|Boso Peninsula - Crossing Tokyo Bay & Train to
Tateyama (Page-3) 1, 2, 3, 4, 5, 6, 7, 8, 9
From the shore, the bay just looks like a lot of water, but from the deck of the ferry - with a sea breeze blowing and among the many boats and ships out on the water - it's a completely different feeling. Reaching the other side....
Disembarking from the ferry, there is a ropeway about a ten-minute walk away that goes to the top of 329-meter Mount Nokogiri ("nokogiri" means "sawtooth", as the top of the mountain resembles a saw when viewed from the side - see above). From the top are views of the coastline and Tokyo Bay, with Tokyo just visible across the huge bay. Incidentally, Mt. Nokogiri is not a natural formation, but is the result of the mountain formerly being the source of "Boshu stone" up until around 1982. (The stone used in the western houses of Yokohama in the 19th century is reported to have come from here, ferried across the bay by boat.)

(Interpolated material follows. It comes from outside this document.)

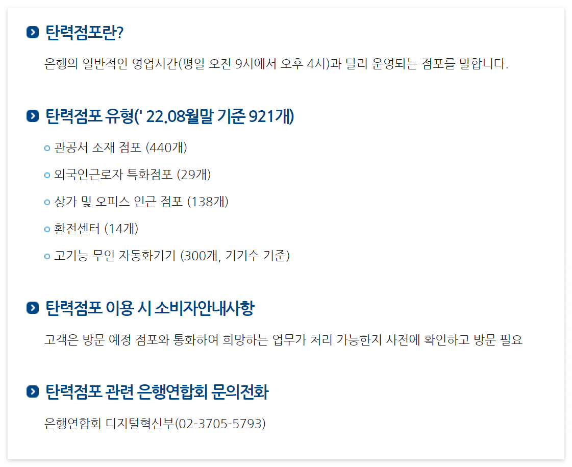 이처럼 은행 단축운영이 계속되는 상황에서 비대면 거래가 확대되고 은행권 영업지점 통폐합이 가속화되면서 영업점 찾기조차 쉽지 않은 상황이 발생하고 있습니다. 게다가 이를 미처 인지하지 못한 고객들이 은행을 찾았다 발걸음을 돌리는 경우까지 발생해 불편하다는 목소리도 커지고 있는데요, 이 때문에 일부 은행에서는 최근 특화점포 및 탄력운영제 등을 도입하여 은행 영업시간 단축운영의 불편함을 해소하고자 변화를 시도하고 있습니다. 이를 좀 더 자세히 살펴보도록 하겠습니다.

Within about a fifteen minute walk from the top of Mr. Nokogiri is the Nihonji Temple and the largest Buddha statue in Japan, with a height of 31.05 meters (see photo on Boso Peninsula index page). In contrast, the Kamakura Buddha statue is 13.35 meters and the Todaiji Buddha in Nara is 18.18 meters. (Note: The Todaiji Buddha is the tallest bronze Buddha statue in Japan, while the Nihonji Temple Buddha is carved from stone.)
On the trip I took these pictures on, I wanted to see more of the coast, so I skipped Mt. Nokogiri and went straight to the train station instead, where I caught a train down the coast to Tateyama. (I visited the Boso Peninsula several times though, and went to the top of Mt. Nokogiri on a subsequent trip.)

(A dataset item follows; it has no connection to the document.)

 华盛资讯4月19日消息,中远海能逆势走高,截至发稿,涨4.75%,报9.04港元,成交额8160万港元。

This type of train car (left, above) is getting pretty old - and has been (sadly) replaced on most lines with a newer type. It won't be long before these are gone as well. I like the old trains a lot better than the new ones. The new ones are lighter (aluminum), with better sealed windows that save energy and semi-asphyxiate the poor passengers. What else... they have nice looking seats made of synthetic materials that smell like chemicals, and the ceiling is loaded with brighter lighting. It's the curse of our times - sealed spaces that save energy, people overblasted with too much light, and air full of synthetic fumes. New designs seem to be for machines and not for people.... The old trains have rattling windows that let air (and oxygen) into the train; the older interiors don't smell... new... and - best of all - all the windows can be opened, and not just from the top, but from the bottom, or both sections slid up towards the ceiling to create one huge open space (not possible on newer trains due to safely reasons no doubt)....
Tateyama is generally the last stop for the Uchibori Line trains, usually requiring a transfer to continue down the peninsula. On the day these pictures were taken, I got off the train here and walked over to the beach. In contrast with my displeasure over the sealed air in many new trains, I prefer the newer train stations in most cases, although really old stations are interesting in a historical sense.

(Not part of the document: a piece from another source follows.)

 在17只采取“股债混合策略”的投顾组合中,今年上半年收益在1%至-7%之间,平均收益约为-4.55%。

The ocean currents from the south make the peninsula a little warmer than inland. The photo on the left above would have a lot more people in the summer....
Manhole covers have gotten quite interesting (above) just about everywhere. Some of them are even colorful! The street on the left (above) - keep in mind that there are the magical streets of old and new, and then there are the regular streets that could belong to just about any country.
Nearing Tateyama Castle (top of photo below), there is a park that you walk through on the way up to the castle - which dates back to 1590, although the original castle was destroyed in 1614, and the current building was constructed in 1982.
It's a pleasant walk up to the top; flower-lovers will find plenty to look at; and there's a museum in the castle building.
It was nice enough on top that I stayed there for awhile, taking pictures, looking at the scenery, and watching the sun sink into the ocean....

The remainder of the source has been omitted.